The leaves of the Common Sow Thistle reach past the stem.

To the right is the leaf of the common sow thistle. Not only is there an absence of true spines but the stemless leaf reaches past the main stem. That projection, one on each side, is called an auricle (an ear.) The common sow thistle is the kinder, gentler of the two and stays tender longer as it ages. Its leaves tend to be more distinctly lobes than the spiny sow thistle. Also the common sow thistle is a slightly bluer shade of green especially when it ages. The spiny sow thistle is also more shiny.

Dick Deuerling, 1990, co-author of "Florida's Incredible Edibles"

Dick Deuerling, 1990, co-author of “Florida’s Incredible Edibles”

Long-time Florida forager Dick Deuerling was well-known for having a few sayings. One was what I have called over the years “the Dick Deuerling” method. When someone said some wild plant was edible and Dick didn’t think so he would say: “Let me watch you harvest it, prepare it, cook it, and eat it. And if you are still alive in a couple of weeks I might try it.” Another of his sayings was “I only eat the good stuff.” Dick was a retired postman who in another life would have been a plant taxonomist. “Good stuff” to him meant more than edible. It had to be tasty. A fruiting plant soon coming into season here is edible and tasty but I’m not sure Dick would have put it on his foraging list: The Creeping Fig.

The Creeping Fig barely makes it into the edible realm. Photo by Forest & Kim Starr

The Creeping Fig barely makes it into the edible realm. Photo by Forest & Kim Starr

The Creeping Fig hides before your eyes. It usually takes over a wire or concrete fence to the point the fence looks like a large, planted hedge. Sometimes it will cover an entire wall. But if the structure is wooden it will destroy it. When I say it is barely edible this does not mean it’s not tasty. It’s just a lot of work for something not often eaten outside of the orient. Creeping Figs themselves aren’t eaten per se but rather their cooked then jelled juice is. To read more about them click here.

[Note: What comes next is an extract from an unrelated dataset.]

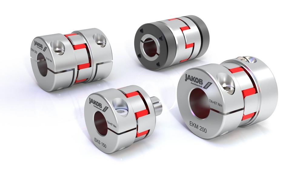 Elastomerkupplungen sind steckbare, spielfreie und flexible Wellenkupplungen für alle kleinen und mittleren Drehmomente bis 2000 Nm. Das Verbindungs- und Ausgleichselement ist ein Kunststoffstern mit evolventenförmigen Zähnen und hoher Shore-Härte. Dieser wird formschlüssig, mit leichter Vorspannung in zwei hochpräzise gefertigte Naben mit klauenförmigen Nocken eingesetzt. Der elastische Kupplungsstern kann geringfügige Wellenversätze ausgleichen, ist elektrisch isolierend und weist ein gutes Schwingungsdämpfungsverhalten auf. Es stehen mehrere Standardvarianten mit spielfreier, kraftschlüssiger Welle-Nabe-Verbindung zur Auswahl, welche auch ohne zusätzliche Passfeder eine sichere Drehmomentübertragung gewährleisten. Die Serien EKM, ESM-A, EKH und EKS mit Spreizkonus sind im Standardprogramm erhältlich, auf Anfrage sind auch individuelle Lösungen möglich.

My email has seen a significant increase in the following kind of message: Why isn’t XXXX edible? It looks like it is and I believe we should be able to tell by our senses if its edible or not. We should know what’s edible or not without having to be told. After all that’s how early man did it, right?” The next sentence usually says something along the lines that animals do just fine following their senses on what’s edible or not. That is where the argument breaks down. Humans know certain plants are toxic because we can pass on specific information. Animals can’t. Animals are poisoned all the time, thousands of cases every year, big and small, from eating something that made them sick or dead. In fact, agricultural losses was the genesis of “Poisonous Plants of the United States and Canada” by Professor John Kingsbury, still a standard reference. Many house plants around for centuries are deadly to cats and dogs who eat them now as they did a century ago. Thousands of humans also poison themselves every year as well with plants. Two species that people often think should be edible for us humans but are not are Peppervine and Virginia Creeper. Interestingly they were once in the genus (Ampelopsis) and are related to grapes.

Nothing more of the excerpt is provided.